In the material below, find the line containing "Gargantilha Mamãe em" and the line containing "Download this chart". Output those two lines and all lines between them exactly, without pictures.

*** Block opens ***

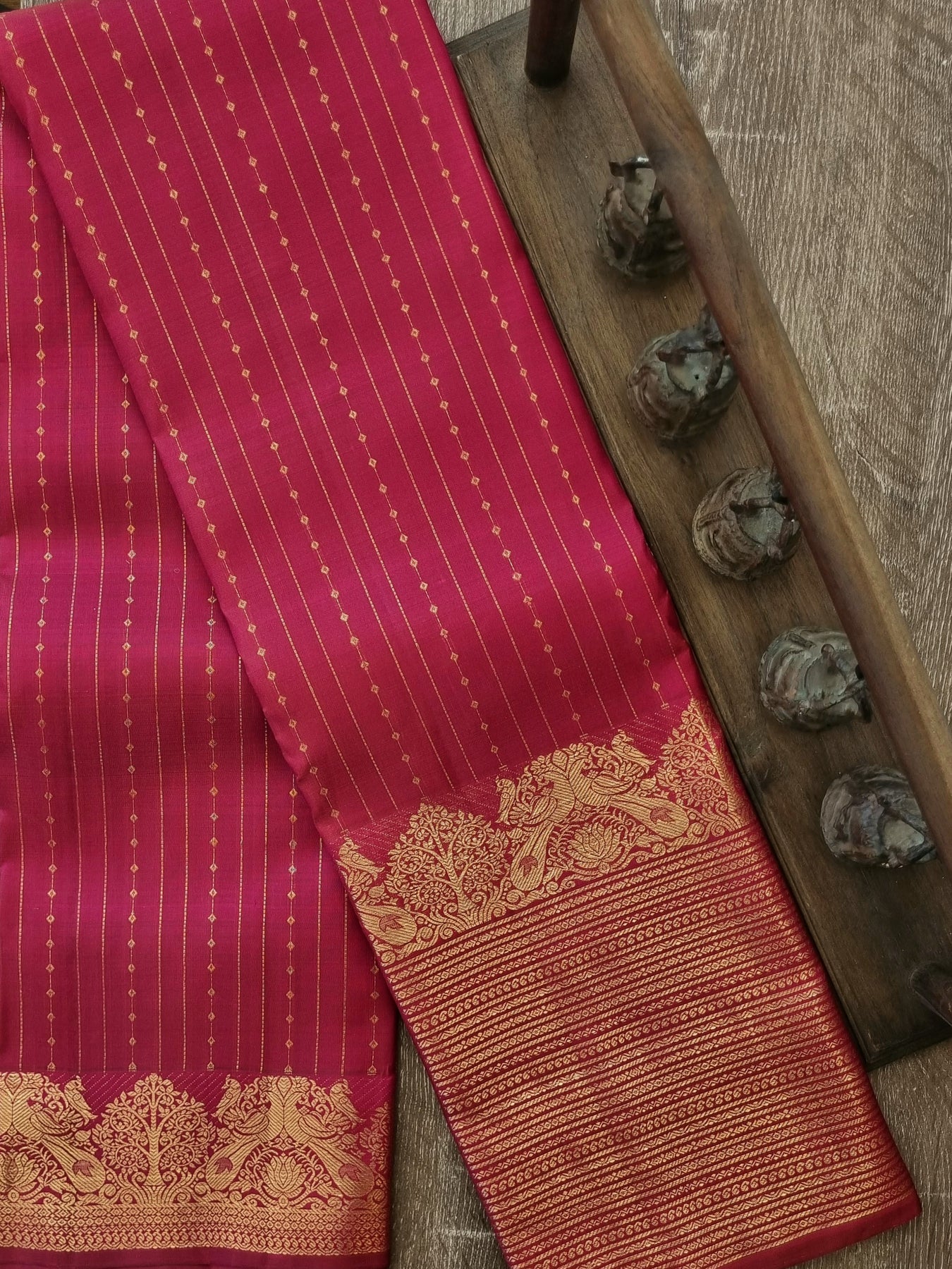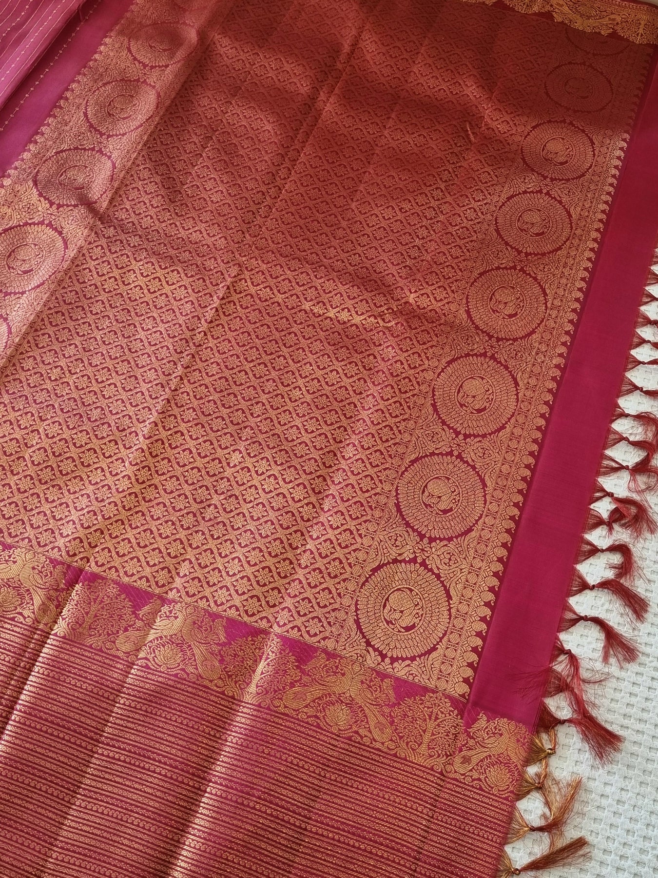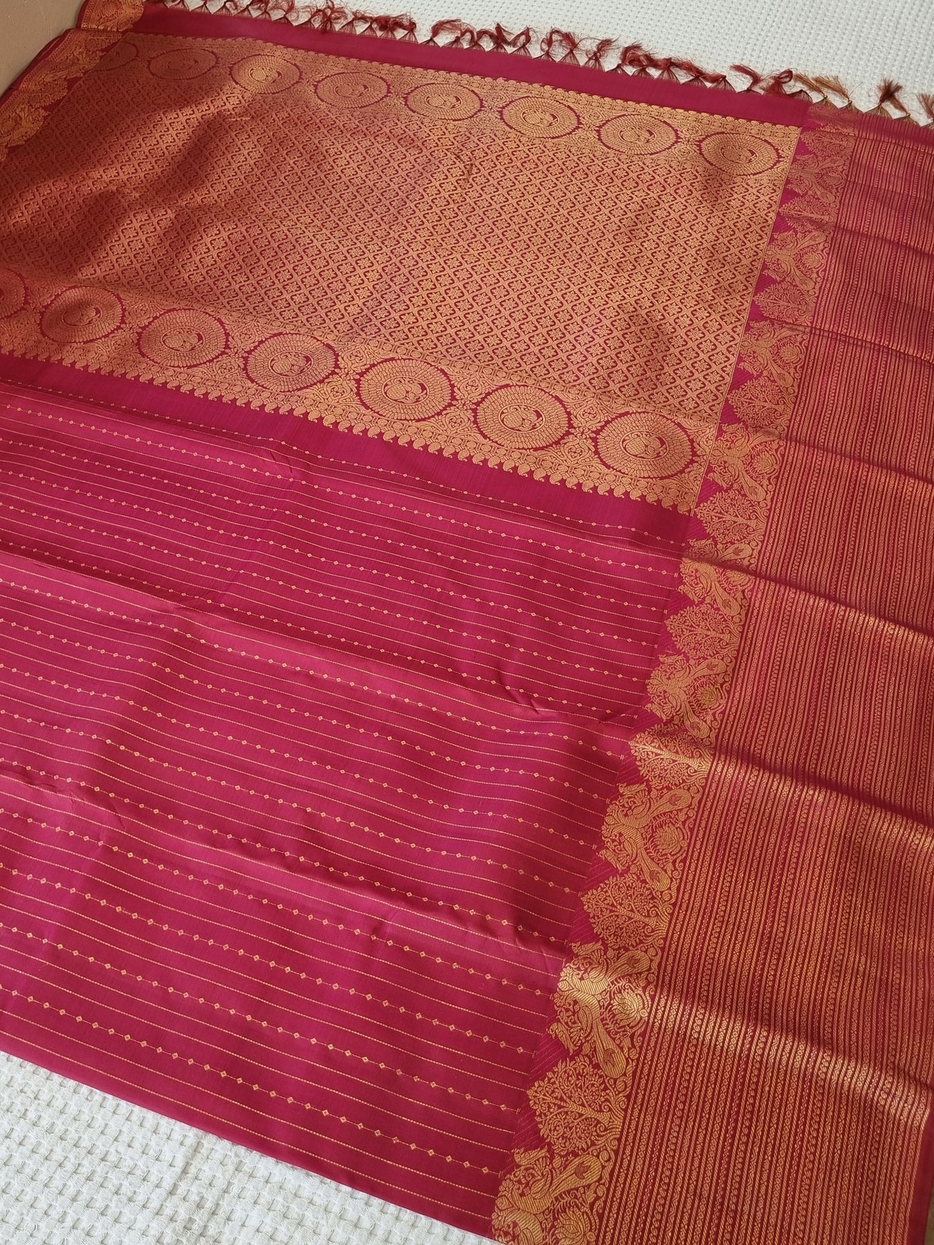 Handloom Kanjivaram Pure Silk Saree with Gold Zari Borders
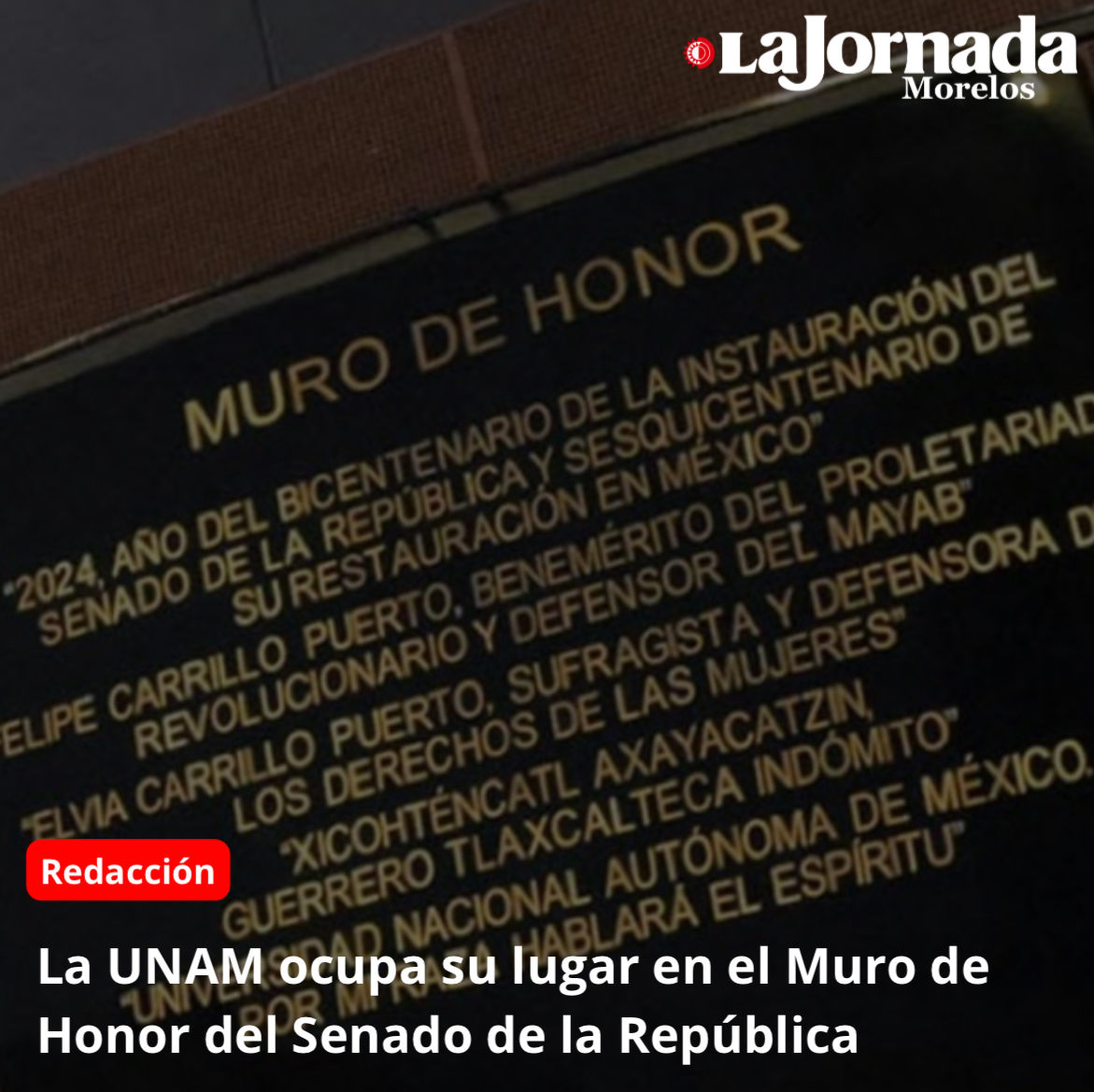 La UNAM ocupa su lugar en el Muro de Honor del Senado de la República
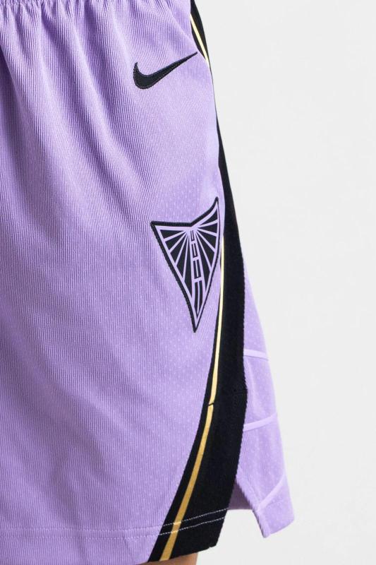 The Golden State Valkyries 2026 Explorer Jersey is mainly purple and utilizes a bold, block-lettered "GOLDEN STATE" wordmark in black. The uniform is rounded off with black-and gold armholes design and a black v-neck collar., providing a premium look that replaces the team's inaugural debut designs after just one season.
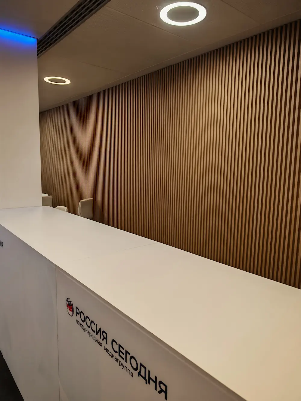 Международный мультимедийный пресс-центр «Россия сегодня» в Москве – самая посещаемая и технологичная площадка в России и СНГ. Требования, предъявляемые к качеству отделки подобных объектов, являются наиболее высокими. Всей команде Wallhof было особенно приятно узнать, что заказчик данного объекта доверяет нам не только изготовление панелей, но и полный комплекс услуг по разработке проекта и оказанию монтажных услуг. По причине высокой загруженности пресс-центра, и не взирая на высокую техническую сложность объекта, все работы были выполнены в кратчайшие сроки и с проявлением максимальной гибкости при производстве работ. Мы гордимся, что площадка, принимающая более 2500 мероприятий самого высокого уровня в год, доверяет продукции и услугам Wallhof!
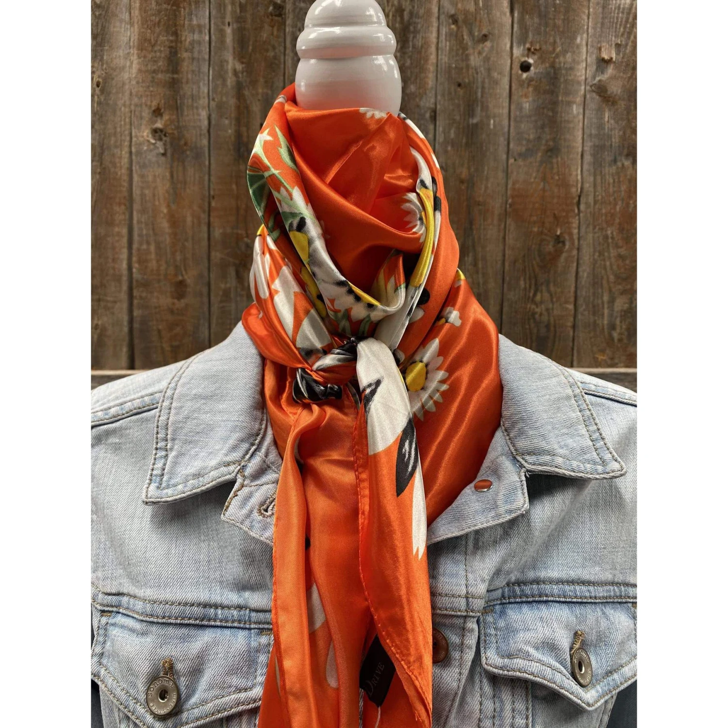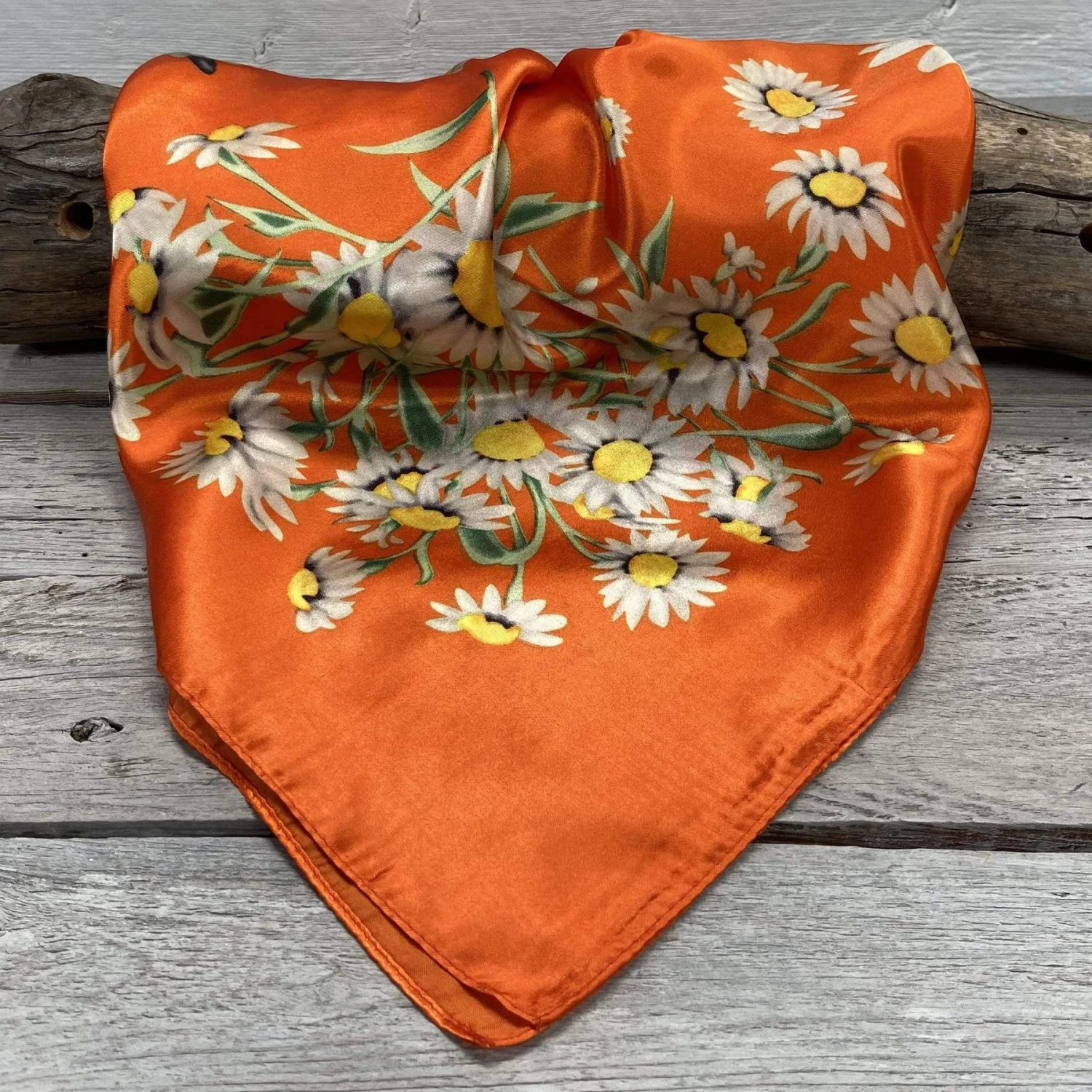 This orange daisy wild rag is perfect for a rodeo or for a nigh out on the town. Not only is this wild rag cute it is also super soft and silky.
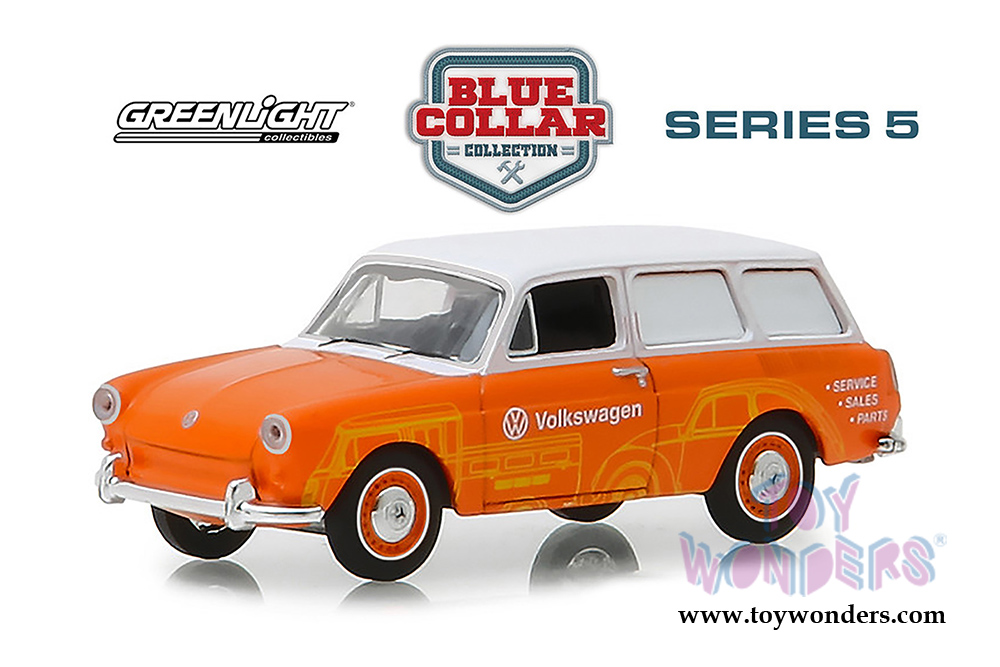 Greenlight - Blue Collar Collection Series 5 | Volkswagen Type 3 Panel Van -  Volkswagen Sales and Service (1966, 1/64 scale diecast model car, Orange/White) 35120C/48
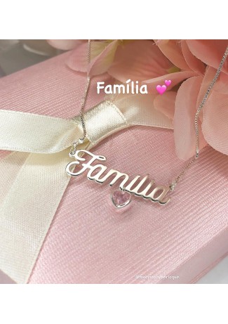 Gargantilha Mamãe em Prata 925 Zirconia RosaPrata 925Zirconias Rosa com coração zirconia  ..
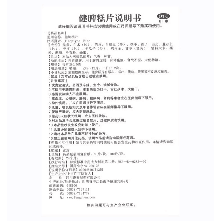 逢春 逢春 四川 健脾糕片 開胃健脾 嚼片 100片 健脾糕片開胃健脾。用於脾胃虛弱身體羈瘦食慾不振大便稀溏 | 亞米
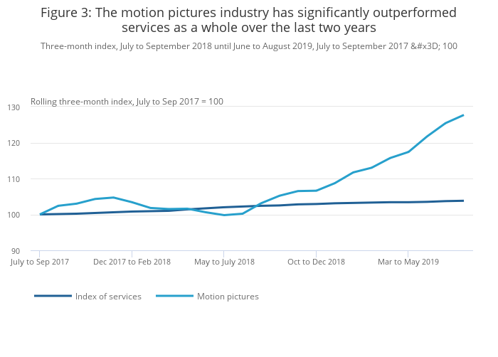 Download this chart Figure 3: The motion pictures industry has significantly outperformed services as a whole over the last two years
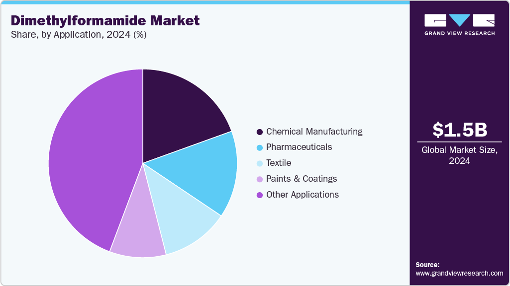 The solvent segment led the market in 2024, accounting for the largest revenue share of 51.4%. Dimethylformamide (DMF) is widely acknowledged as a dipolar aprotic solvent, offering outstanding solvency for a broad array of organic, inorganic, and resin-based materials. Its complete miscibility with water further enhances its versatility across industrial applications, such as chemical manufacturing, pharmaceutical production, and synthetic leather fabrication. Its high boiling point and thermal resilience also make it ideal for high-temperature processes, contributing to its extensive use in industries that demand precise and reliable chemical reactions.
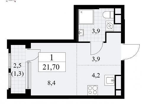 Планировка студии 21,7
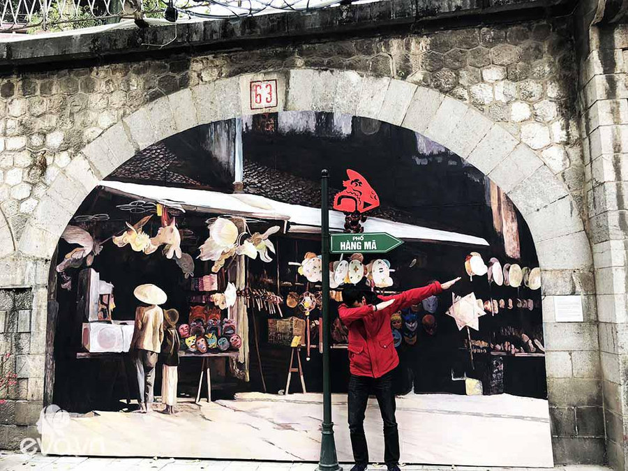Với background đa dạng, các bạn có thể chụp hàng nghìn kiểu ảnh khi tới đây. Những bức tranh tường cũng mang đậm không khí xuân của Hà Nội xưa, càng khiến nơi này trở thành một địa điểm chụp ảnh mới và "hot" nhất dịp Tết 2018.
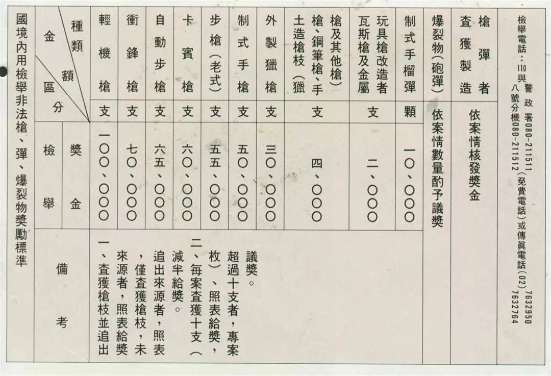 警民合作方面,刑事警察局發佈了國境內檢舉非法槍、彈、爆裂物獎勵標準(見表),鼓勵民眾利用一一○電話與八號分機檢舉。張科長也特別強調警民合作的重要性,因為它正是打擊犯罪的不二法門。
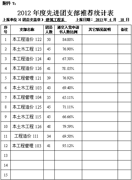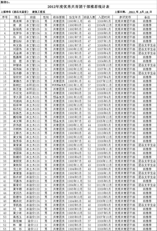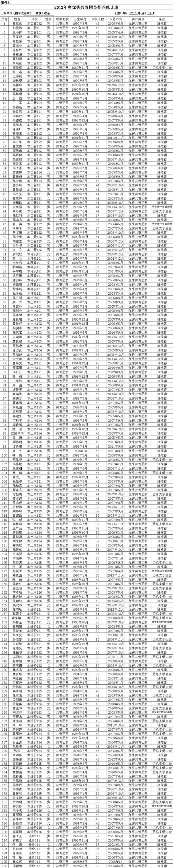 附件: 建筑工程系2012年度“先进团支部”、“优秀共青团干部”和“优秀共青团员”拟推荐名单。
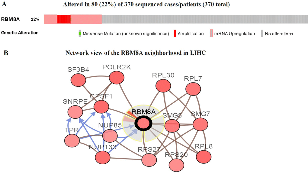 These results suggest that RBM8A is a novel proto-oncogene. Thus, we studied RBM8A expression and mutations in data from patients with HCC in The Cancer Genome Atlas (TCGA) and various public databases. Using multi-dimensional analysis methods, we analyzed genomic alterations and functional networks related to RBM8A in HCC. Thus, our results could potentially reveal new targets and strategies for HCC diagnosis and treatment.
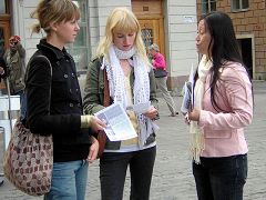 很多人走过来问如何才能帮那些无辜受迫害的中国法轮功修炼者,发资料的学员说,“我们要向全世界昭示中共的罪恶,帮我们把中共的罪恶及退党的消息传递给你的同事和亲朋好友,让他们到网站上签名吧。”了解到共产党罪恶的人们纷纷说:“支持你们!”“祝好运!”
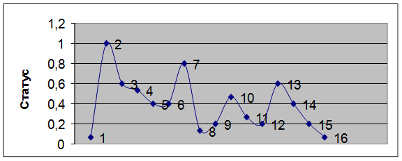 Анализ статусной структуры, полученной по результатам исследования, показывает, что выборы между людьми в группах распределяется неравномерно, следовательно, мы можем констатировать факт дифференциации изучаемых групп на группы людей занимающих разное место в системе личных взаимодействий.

*** Block closes ***

▶ _Response_
 Gargantilha Mamãe em Prata 925 Zirconia RosaPrata 925Zirconias Rosa com coração zirconia  ..
 逢春 逢春 四川 健脾糕片 開胃健脾 嚼片 100片 健脾糕片開胃健脾。用於脾胃虛弱身體羈瘦食慾不振大便稀溏 | 亞米
 Download this chart Figure 3: The motion pictures industry has significantly outperformed services as a whole over the last two years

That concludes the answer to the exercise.